**How to complete this task:** Among the entries below, copy only the span from the line containing "한-미 FTA 검증시" through the line containing "Pássaros bonitos com". Do so exactly, and skip the pictures.

**The data:**
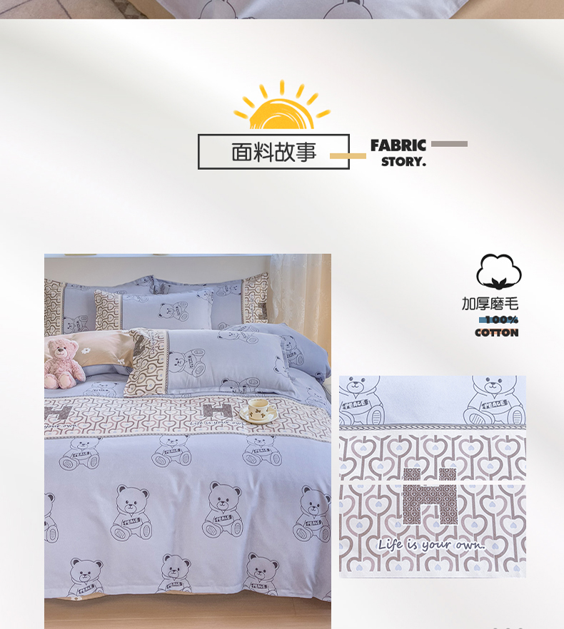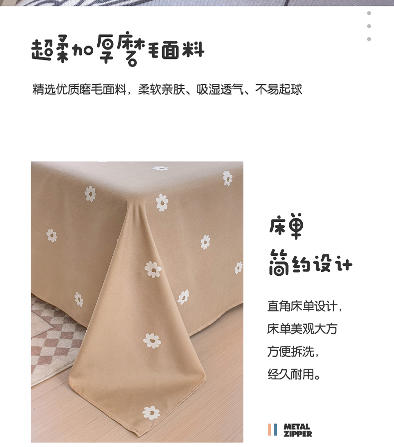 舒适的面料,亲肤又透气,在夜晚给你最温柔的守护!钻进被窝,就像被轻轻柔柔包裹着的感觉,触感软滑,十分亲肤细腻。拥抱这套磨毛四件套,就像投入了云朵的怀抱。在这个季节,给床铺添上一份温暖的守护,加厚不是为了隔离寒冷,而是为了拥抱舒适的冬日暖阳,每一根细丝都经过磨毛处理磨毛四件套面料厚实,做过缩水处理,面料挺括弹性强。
---
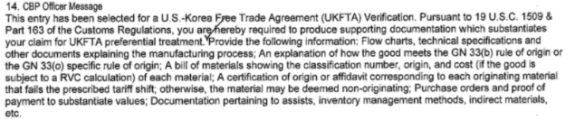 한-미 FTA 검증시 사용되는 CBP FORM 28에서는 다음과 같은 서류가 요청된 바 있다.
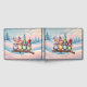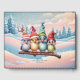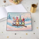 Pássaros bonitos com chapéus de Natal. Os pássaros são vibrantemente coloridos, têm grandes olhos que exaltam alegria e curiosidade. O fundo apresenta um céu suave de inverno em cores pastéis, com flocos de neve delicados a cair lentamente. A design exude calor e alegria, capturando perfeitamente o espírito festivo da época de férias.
---
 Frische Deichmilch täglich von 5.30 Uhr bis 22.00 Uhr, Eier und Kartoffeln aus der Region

**Output for this exercise:**
 한-미 FTA 검증시 사용되는 CBP FORM 28에서는 다음과 같은 서류가 요청된 바 있다.
 Pássaros bonitos com chapéus de Natal. Os pássaros são vibrantemente coloridos, têm grandes olhos que exaltam alegria e curiosidade. O fundo apresenta um céu suave de inverno em cores pastéis, com flocos de neve delicados a cair lentamente. A design exude calor e alegria, capturando perfeitamente o espírito festivo da época de férias.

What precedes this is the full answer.